- **Task requirements**: Under this line is a listing; return exactly the lines starting at the one with "3:進入recovery之後,按手機的音量鍵選擇install zip from" and running down to the one with "This arched fall", and leave out its pictures.

- **Data under study**:
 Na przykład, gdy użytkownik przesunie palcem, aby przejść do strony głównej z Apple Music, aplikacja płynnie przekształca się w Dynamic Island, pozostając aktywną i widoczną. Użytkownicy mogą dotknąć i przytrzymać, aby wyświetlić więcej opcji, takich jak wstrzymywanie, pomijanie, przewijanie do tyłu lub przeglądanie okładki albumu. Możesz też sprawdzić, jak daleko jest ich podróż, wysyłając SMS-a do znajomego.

--

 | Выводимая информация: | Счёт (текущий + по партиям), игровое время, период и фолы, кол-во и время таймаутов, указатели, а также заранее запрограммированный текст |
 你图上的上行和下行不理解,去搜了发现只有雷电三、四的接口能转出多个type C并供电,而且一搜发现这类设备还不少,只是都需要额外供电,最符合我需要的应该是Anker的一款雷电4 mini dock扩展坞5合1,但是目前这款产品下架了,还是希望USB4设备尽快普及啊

==

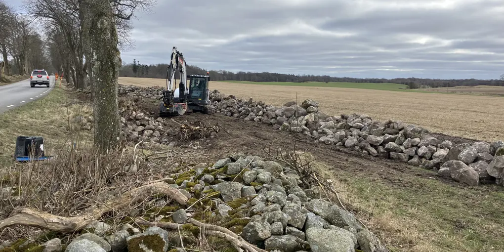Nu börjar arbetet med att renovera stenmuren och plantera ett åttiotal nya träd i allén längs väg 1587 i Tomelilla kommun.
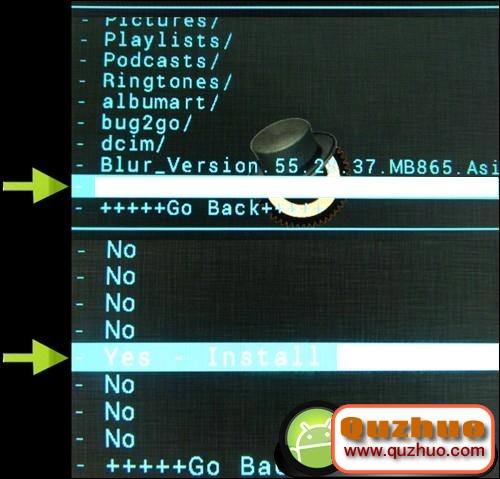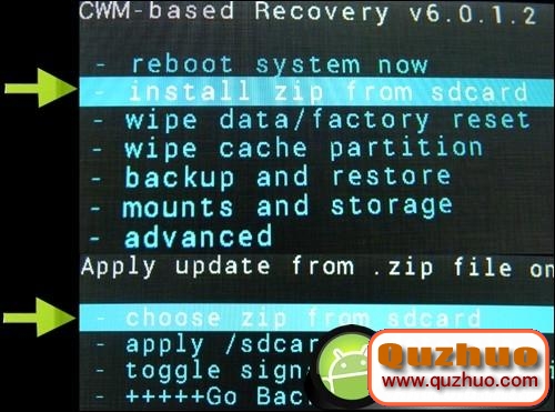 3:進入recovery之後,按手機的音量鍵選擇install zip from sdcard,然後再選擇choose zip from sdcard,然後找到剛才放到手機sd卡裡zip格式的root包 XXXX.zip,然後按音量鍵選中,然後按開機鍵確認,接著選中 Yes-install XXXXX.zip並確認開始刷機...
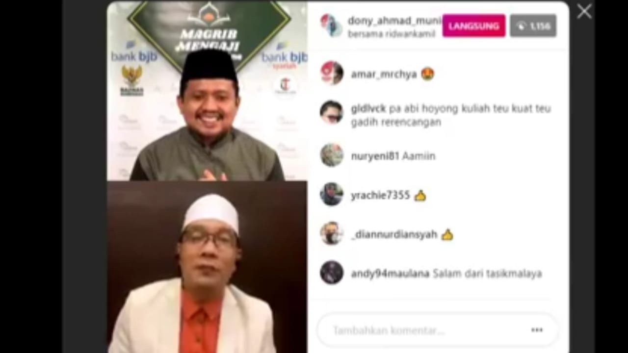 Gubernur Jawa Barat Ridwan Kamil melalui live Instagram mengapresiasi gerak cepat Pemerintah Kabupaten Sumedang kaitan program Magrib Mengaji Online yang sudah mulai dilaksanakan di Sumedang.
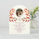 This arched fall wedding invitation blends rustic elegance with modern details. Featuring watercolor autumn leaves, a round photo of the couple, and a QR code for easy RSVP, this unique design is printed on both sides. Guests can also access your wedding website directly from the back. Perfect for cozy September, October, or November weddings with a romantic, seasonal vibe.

- **Answer for the task**:
 3:進入recovery之後,按手機的音量鍵選擇install zip from sdcard,然後再選擇choose zip from sdcard,然後找到剛才放到手機sd卡裡zip格式的root包 XXXX.zip,然後按音量鍵選中,然後按開機鍵確認,接著選中 Yes-install XXXXX.zip並確認開始刷機...
 Gubernur Jawa Barat Ridwan Kamil melalui live Instagram mengapresiasi gerak cepat Pemerintah Kabupaten Sumedang kaitan program Magrib Mengaji Online yang sudah mulai dilaksanakan di Sumedang.
 This arched fall wedding invitation blends rustic elegance with modern details. Featuring watercolor autumn leaves, a round photo of the couple, and a QR code for easy RSVP, this unique design is printed on both sides. Guests can also access your wedding website directly from the back. Perfect for cozy September, October, or November weddings with a romantic, seasonal vibe.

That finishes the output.